Thread limits?

Sun Aug 20 15:04:24 EDT 2000

[Tim, suggests setting up a small pool of "server threads"]
> Use the Queue (std library) module to enter requests for work.  Spin
> off a small number of threads, each structured like so:
>
> while 1:
>     request = your_queue_object.get()  # sleeps until queue is non-empty
>     request.deal_with_it()   # do whatever work it asks for

[François Pinard]
> This gave me a few conceptual problems.

Luckily, those are much easier to bear than real problems <wink>.

> Suppose I'm done with the main application (that is, it
> distributed all the work it had to) and I want to send each
> serving thread (N of them) a command so it terminates.

for i in range(N):
    your_queue_object.put(object_whose_Deal_With_It_means_Quit)

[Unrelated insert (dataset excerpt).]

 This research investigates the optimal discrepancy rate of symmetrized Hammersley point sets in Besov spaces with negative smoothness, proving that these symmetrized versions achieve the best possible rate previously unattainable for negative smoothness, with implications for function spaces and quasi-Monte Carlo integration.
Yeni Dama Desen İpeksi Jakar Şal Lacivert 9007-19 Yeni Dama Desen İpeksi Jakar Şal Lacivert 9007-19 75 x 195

> At first, one could just queue N termination requests in the queue,
> right after all the real work requests.  We rely on the fact
> each thread will never process more than one termination request :-).

Yes, that works fine.

> May the main application just terminate then,

If you used the threading module (*not* the "thread" module!) to create all
your threads, the main thread will automatically wait until all child
threads (that haven't been marked "daemons" -- see the docs) have terminated
before it exits.

> or should it first wait to see that the request queue got empty
> (meaning that all server threads terminated)?

That isn't reliable:  that the queue is empty merely means that all requests
have been removed from it, not that even a single one of them has been
*acted* upon yet.  A common and reliable technique is to save a list of the
Thread objects you've created, and then do

    for thread in my_list_of_thread_objects:
        thread.join()

Again, this requires using the threading module (the "thread" module is very
low-level, and much harder to use safely).

> ...
> But the real problem is that I read somewhere than the queued-ness
> (first-in first-out behaviour) of the Queue class is not guaranteed.  So,
> it may well happen that server threads receive the termination request
> early, and all terminate prematurely, leaving the queue forever non-empty.

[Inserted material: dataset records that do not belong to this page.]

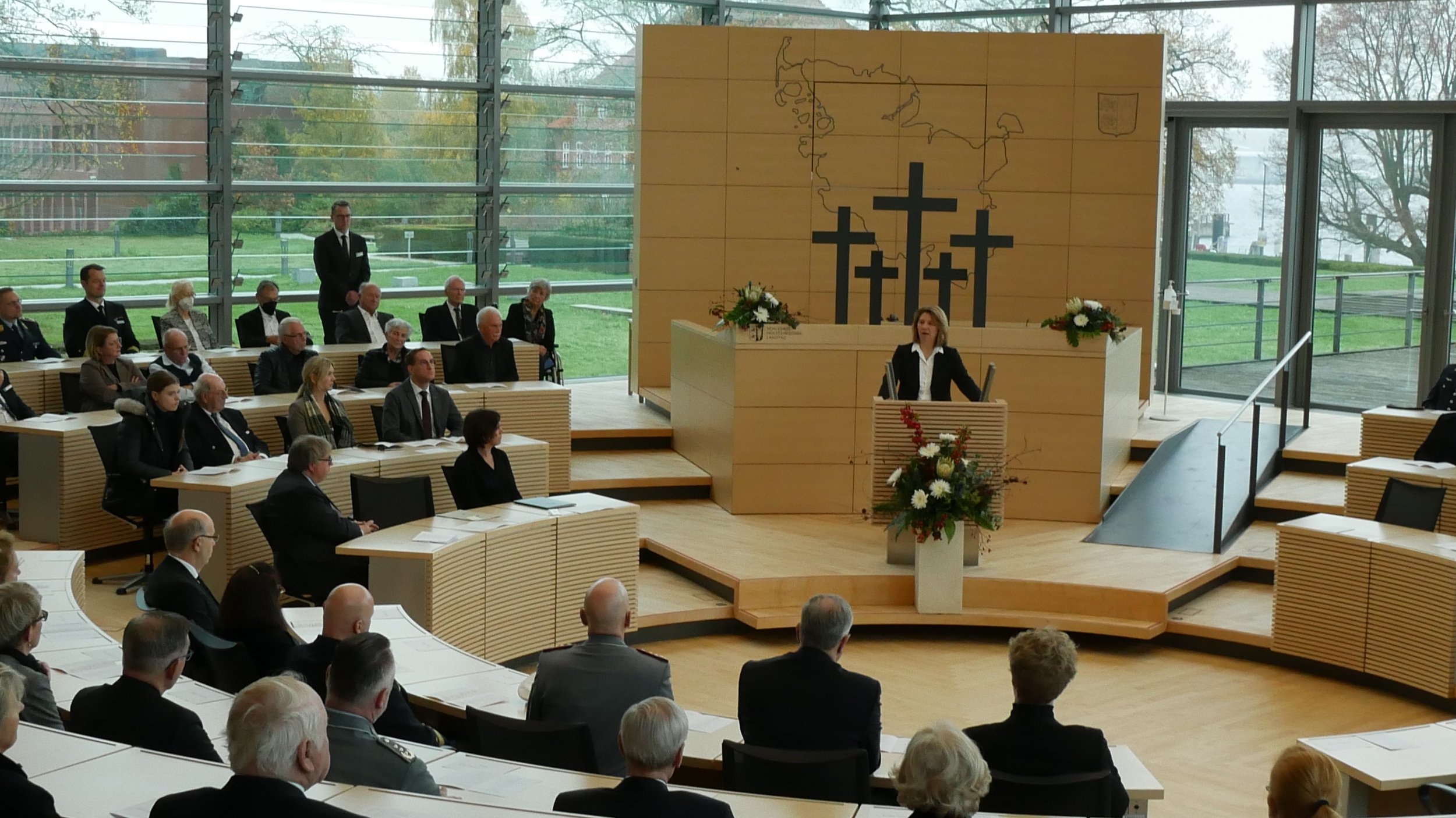 „Mit dem Volkstrauertag geht ein nicht endender Auftrag an Gesellschaft und Politik einher: Niemals zu vergessen und niemals in den Bemühungen um Aussöhnung und Völkerverständigung nachzulassen.“ Mit diesen Worten nahm Landtagspräsidentin Kristina Herbst bei der zentralen Gedenkstunde des Landes zum Volkstrauertag Politik und Gesellschaft in die Pflicht.
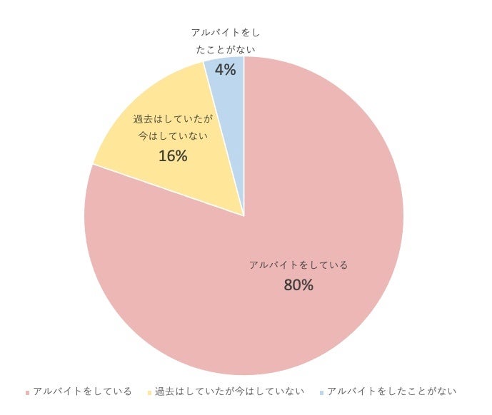 「Q1.現在アルバイトをしていますか?」(n=487)と質問したところ、「アルバイトをしている」が80%、「過去はしていたが今はしていない」が16%、「アルバイトをしたことがない」が4%となった。
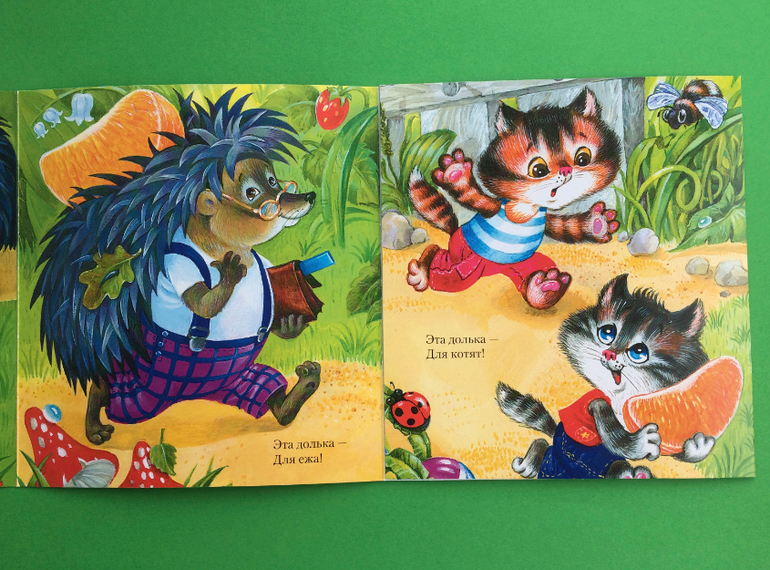 "Мы делили апельсин" - ВОТ ЧТО В НЕЙ ТАКОГО? Прилизанные иллюстрации, не люблю раскладушки (хотя дома есть пара, для знакомства с форматом), но ребенок просто прыгал и скакал с нею, жалко, что не наша - теперь жду в лабиринте или майшопе. Нам - надо. Собственно, о мультике только по этой книжке и вспомнили - это была просто феерия, восторг ребенка бил фонтаном, выучила стишок мгновенно и... в общем, плачу горючими слезами - переиздайте, пожалуйста!
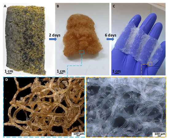 Schematic illustration of chitinous scaffold isolated from marine sponge A. fistularis. (A) Selected fragment of air-dried sponge. (B,D) The same fragment of the skeleton after 2 days of acid-base treatment. (C,E) Fully transparent and soft chitinous scaffold after isolation.
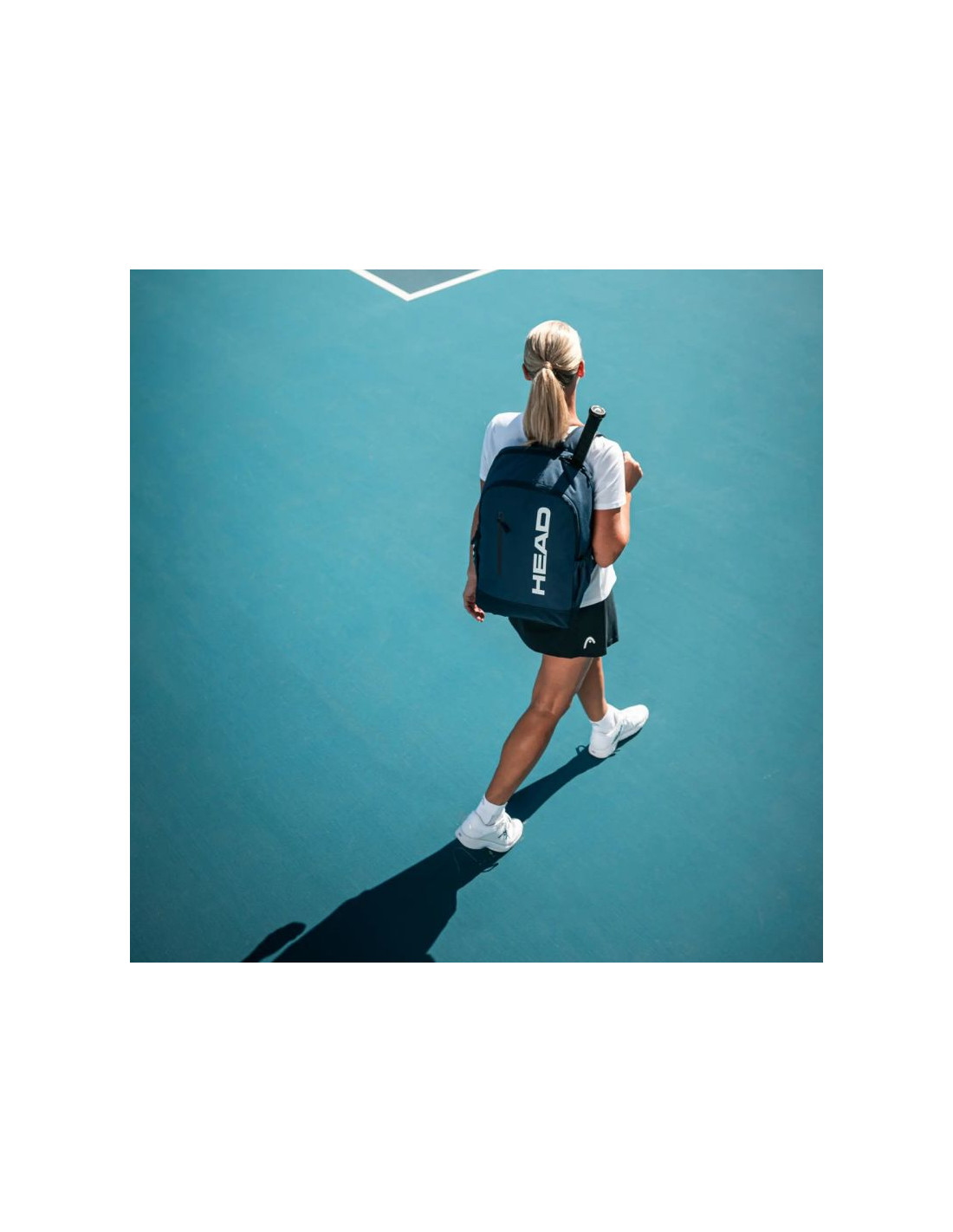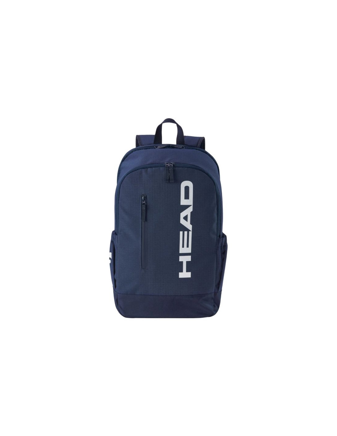 Plecak Head Base 17 l granatowy 261335  Pojemny i stylowy plecak tenisowy Head. Komora na rakiety pomieści do 2 rakiet. Komora główna, w której zmieści się np. zmiana odzieży. Jedna, mała kieszeń frontowa zapinana na suwak. Dwie otwarte kieszenie po bokach. Siateczkowe plecy wspomagają wentylację. Komfortowe, miękki, regulowane szelki.  Dane techniczne:· Materiał: 100% poliester· Pojemność 17 l· Wymiary: 54 x 33 x 13 cm· Komora główna, komora na 1-2 rakiety, kieszeń przednia zapinana i dwie kieszenie boczne otwarte

Well, I haven't seen that article, but it or you are probably confused
<wink>.  As in Relativity Theory too, the concept of "after" is actually
very tricky in multi-threaded programs, and is darned hard to define except
from the point of view of a specific and fixed observer.  The Queue class is
"sequentially consistent" from the point of view of any single thread.  To
make that concrete, if thread T queues X and later (the same thread T!)
queues Y, X *will* be removed from the queue before Y is.  So if the only
thing enqueueing requests is the "main thread", it can be sure that all work
requests are removed from the queue before any termination requests,
provided only that it doesn't screw up itself by enqueueing another work
request after it enqueues the termination requests.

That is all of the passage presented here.